I do not think anyone would understand what these images are but this is intentional. I am not communicating anything other than an emotion. There are no words on this record and I wanted to avoid images that were words. This lighthouse theme is the imaginative structure around which I decided to shape the decisions I made. It doesn't matter if people don't know they are looking at a real lighthouse interior. It's a bit like going on a walk to Canterbury following the route of the Chaucerian pilgrims. By the end you don't know any more about Chaucer or understand pilgrims any better, it has just informed your route. This is becoming an increasingly interesting way of working for me.

In his comments on the record, Brian has spoken about this being a 'sound-only movie', and also of his love of soundtracks and how they were unresolved, lacking a guide through the piece, which would only be completed by the movie. That leads me to two related questions: firstly, should your work be conceived as, or was it intended to be, something that would help resolve or at least contextualise the music in a similar manner to how the film might have?

I don't think it was intended to contextualize the music, I think it is better to think of it as springing from the music and existing along side it. It does create a bigger picture but I'm not sure that picture is any easier to read although perhaps it is more complex, more textured.

The big difference between still images and both music and film is of course the dimension of time. Recorded media has to be arranged on a timeline in order to be understood. There is a beginning and an end and everything in between is locked in an order. Still artwork has no such restrictions, it has a no narrative order, and the viewer decides the duration of the experience. In this sense it does not relate to the music in the same way as film might. It doesn't specifically relate to any single point in the music.

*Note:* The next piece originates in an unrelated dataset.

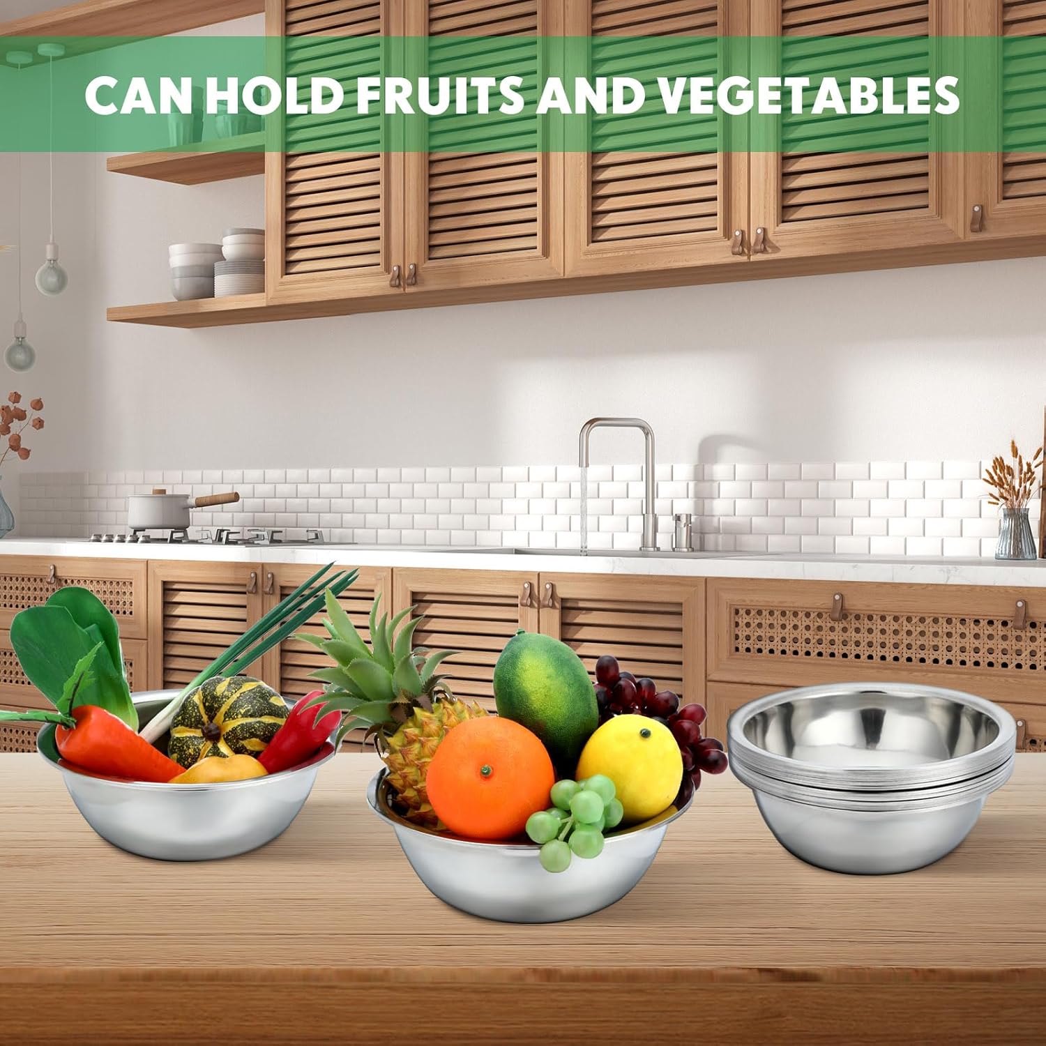 - Stainless Steel Mixing Bowl Set: what you will receive are 12 pieces of stainless steel bowls for mixing in silver color, metal food prep bowls are about 10.2 x 10.2 x 3.26 inches/ 26 x 26 x 8.3 cm which can be applied as both baking mixing bowls and serving bowls adequate quantity can well meet your daily use, replacement and sharing demands

And related: is there something intentionally ambient and unresolved, lacking in that identifiably human 'personality', in your images which is deliberately related to this quality in the music?

This was less of a conscious decision and more how I responded to the music. I didn't rationalize it at the time but yes, there are no human figures in the images because there are no human voices in the music. I do think of the images as deeply human though.

Did you ever discuss what the title, 'Small Craft on a Milk Sea', might actually refer to? And did you discuss what the film accompanying the music might have been? Alternatively, do you have your own conception of what it might be?

In keeping with the music and the images, the title of the album and the tracks on it do not relate to anything specific. They don't mean anything. They are collections of words which paint a picture, but in quite an abstract way. They are all responses to the sounds Brian has made.

If I was to visualize this as a film it would be something like a cross between Patrick Keiler and Tom Ford... with a bit of Peter Ackroyd thrown in for good measure.

Finally: what are you up to next? Are there any plans for more live work, either with Eno or solo? And do you have any interesting work on the horizon we should keep an eye out for?

There are loads happening at once at the moment. I am working with Brian on a large-scale projected video piece for a musical performance in Krakow based around the film Solaris. We are also working with the poet Rick Holland on a words and music project. I am doing a type based public artwork in Blackpool for their Central library. There is also an ongoing project with the aforementioned Peter Ackroyd and the architect Iain Johnson, which is the proposal for a new London monument to the buried Fleet River. I am turning this into a book. All this is running alongside personal work, which will form the basis of an exhibition to be called either Bastard Issue, or Human Fuel.

I continue to do the 77 Million Paintings exhibitions with Brian and we have some interesting directions to take that in.

I am also learning to cook soufflé... but I imagine you are less interested in that !!